TRY IT: Your output should be the lines below from the one holding "(서울=포커스뉴스) 20대 총선" through the one holding "Fleur vibrante avec", transcribed exactly, with no pictures.
(THE DATA)
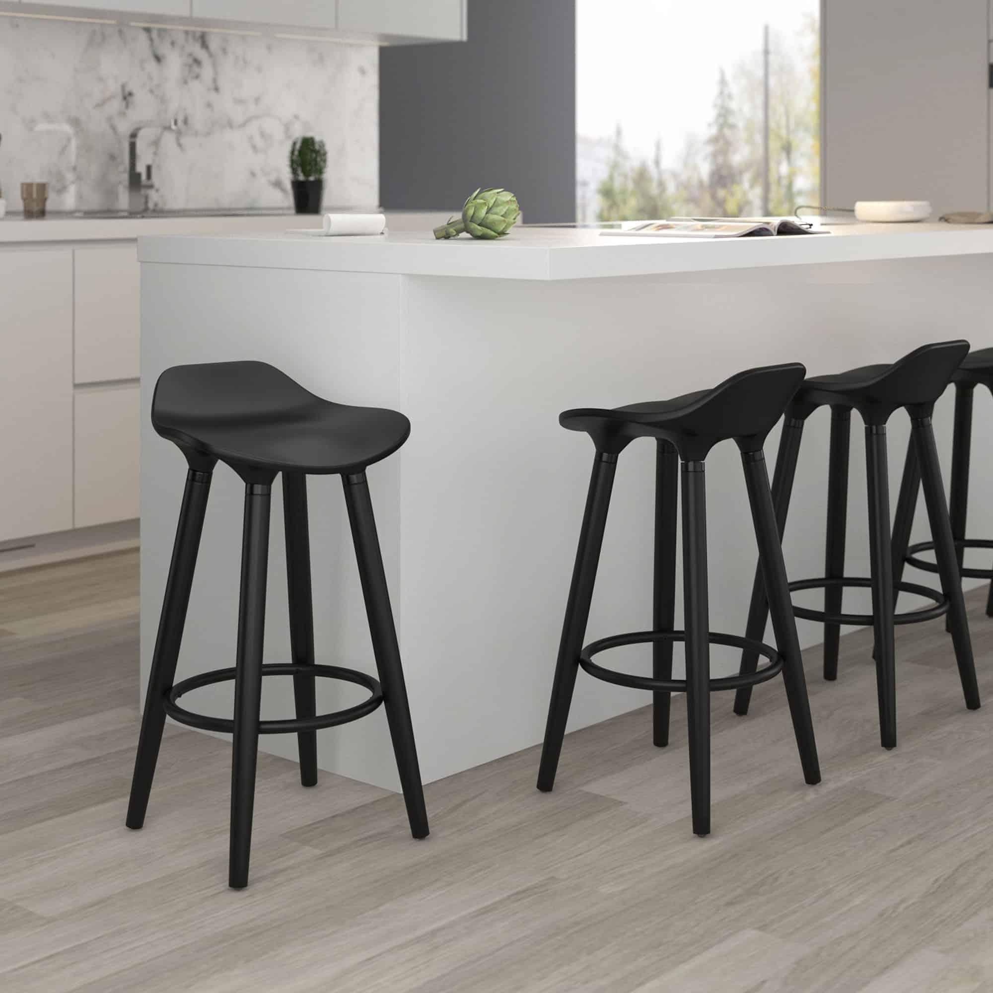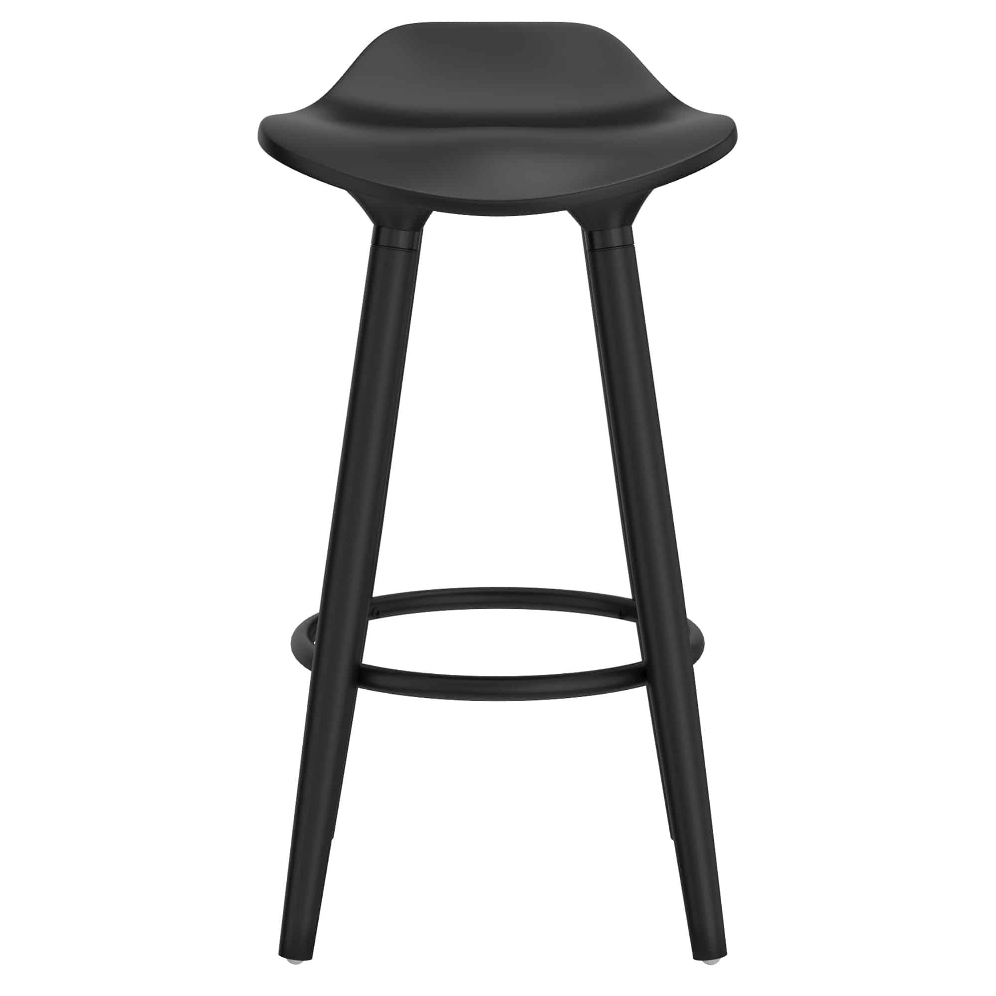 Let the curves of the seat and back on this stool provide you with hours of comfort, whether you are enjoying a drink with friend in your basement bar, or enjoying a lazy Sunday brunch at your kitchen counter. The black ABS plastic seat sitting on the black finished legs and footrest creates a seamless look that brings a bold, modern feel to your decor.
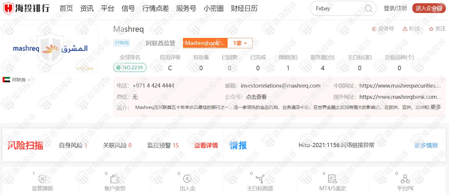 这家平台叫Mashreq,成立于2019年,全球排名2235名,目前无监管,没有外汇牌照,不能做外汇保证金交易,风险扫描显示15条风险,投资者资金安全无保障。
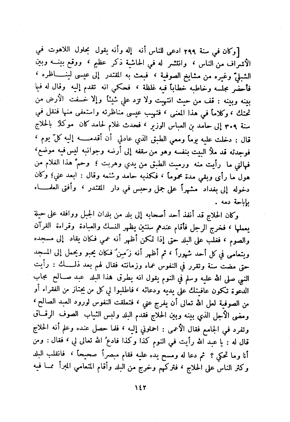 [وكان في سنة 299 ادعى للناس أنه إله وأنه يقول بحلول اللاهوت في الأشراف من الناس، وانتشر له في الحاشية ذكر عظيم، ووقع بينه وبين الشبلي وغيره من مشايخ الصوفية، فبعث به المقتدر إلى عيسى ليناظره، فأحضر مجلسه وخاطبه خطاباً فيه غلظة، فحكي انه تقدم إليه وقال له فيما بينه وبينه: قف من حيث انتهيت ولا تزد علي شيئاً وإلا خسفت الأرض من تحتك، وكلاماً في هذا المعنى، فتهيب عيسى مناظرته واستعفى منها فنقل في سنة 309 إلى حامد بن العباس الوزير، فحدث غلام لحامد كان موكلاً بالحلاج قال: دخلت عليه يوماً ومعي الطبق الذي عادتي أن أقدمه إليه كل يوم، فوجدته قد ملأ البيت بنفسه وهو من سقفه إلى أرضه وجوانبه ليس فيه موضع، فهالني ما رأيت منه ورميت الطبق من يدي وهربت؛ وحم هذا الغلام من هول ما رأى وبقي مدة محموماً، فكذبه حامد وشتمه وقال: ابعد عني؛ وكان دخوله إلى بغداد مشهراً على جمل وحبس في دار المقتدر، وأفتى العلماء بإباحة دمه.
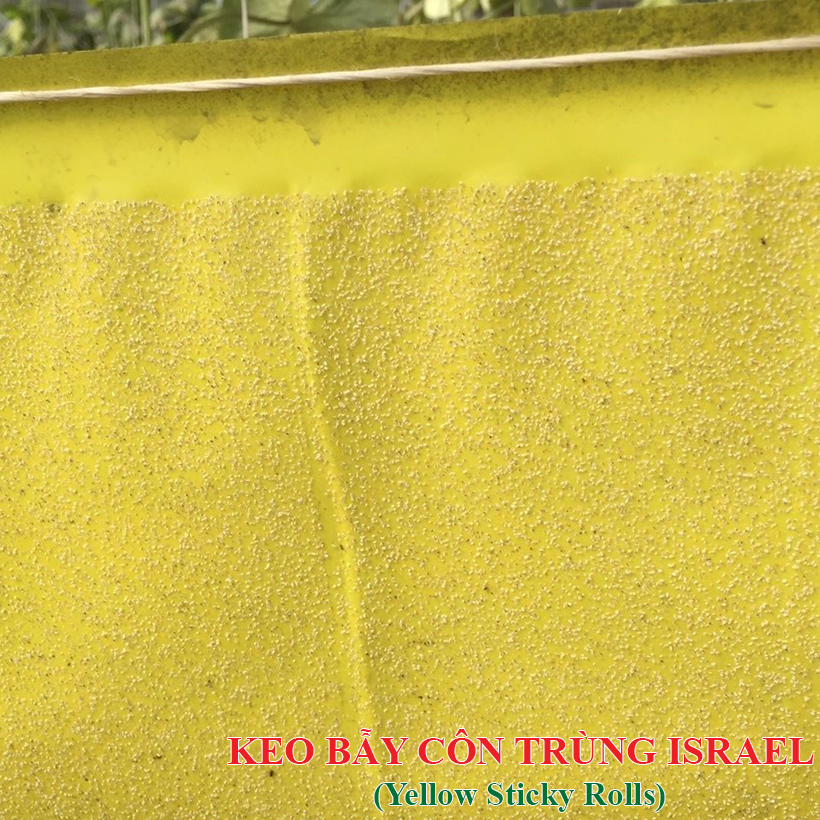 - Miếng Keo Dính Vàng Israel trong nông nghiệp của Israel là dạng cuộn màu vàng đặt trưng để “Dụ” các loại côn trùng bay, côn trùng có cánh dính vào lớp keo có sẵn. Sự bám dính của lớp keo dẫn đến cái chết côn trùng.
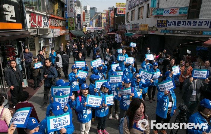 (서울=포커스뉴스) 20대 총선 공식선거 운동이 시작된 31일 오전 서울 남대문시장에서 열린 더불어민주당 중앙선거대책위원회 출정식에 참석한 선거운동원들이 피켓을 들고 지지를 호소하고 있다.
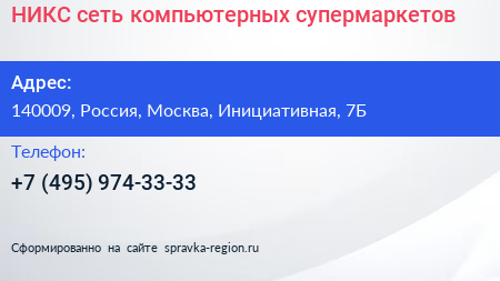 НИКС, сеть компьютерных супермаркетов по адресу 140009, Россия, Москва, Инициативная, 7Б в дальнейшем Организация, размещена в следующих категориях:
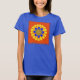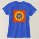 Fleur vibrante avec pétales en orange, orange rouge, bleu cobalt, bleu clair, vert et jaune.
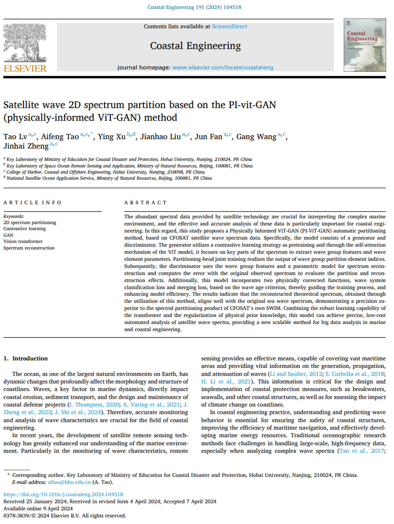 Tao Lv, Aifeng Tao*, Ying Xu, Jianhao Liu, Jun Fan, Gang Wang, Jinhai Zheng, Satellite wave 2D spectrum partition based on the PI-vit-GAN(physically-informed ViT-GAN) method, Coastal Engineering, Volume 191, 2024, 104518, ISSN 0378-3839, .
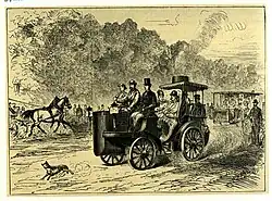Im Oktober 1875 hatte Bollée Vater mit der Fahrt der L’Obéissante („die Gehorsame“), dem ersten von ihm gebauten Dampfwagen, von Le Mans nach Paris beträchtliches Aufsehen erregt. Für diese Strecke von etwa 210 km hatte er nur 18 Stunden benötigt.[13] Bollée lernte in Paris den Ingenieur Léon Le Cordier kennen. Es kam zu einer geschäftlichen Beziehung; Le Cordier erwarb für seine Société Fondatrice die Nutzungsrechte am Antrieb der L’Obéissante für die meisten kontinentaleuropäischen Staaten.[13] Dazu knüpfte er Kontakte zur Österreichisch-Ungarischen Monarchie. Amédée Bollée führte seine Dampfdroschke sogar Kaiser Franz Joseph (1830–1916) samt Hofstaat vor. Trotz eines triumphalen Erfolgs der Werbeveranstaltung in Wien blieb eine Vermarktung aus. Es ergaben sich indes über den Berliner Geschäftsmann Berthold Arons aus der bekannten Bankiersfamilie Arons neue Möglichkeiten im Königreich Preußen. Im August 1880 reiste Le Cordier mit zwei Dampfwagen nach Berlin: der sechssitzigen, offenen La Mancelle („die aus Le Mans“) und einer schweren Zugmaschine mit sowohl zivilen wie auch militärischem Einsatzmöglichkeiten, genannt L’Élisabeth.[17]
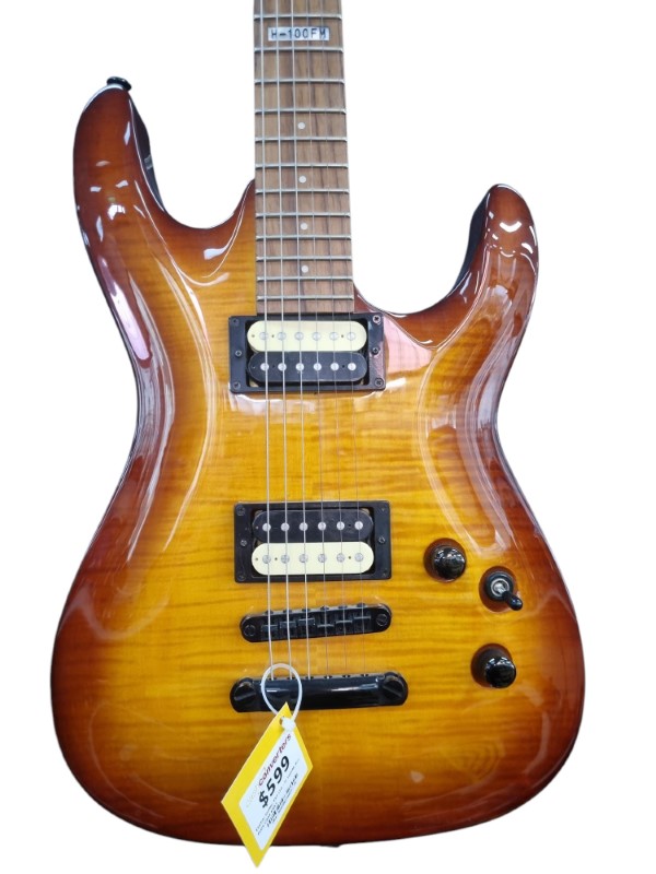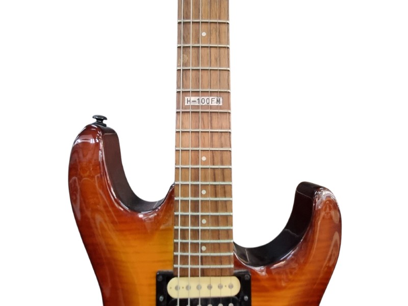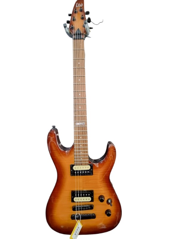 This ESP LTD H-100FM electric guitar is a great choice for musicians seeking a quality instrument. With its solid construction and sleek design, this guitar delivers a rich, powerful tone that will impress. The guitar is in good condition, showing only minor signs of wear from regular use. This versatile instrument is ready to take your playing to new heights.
(End THE DATA)
RESULT BELOW:
 (서울=포커스뉴스) 20대 총선 공식선거 운동이 시작된 31일 오전 서울 남대문시장에서 열린 더불어민주당 중앙선거대책위원회 출정식에 참석한 선거운동원들이 피켓을 들고 지지를 호소하고 있다.
 НИКС, сеть компьютерных супермаркетов по адресу 140009, Россия, Москва, Инициативная, 7Б в дальнейшем Организация, размещена в следующих категориях:
 Fleur vibrante avec pétales en orange, orange rouge, bleu cobalt, bleu clair, vert et jaune.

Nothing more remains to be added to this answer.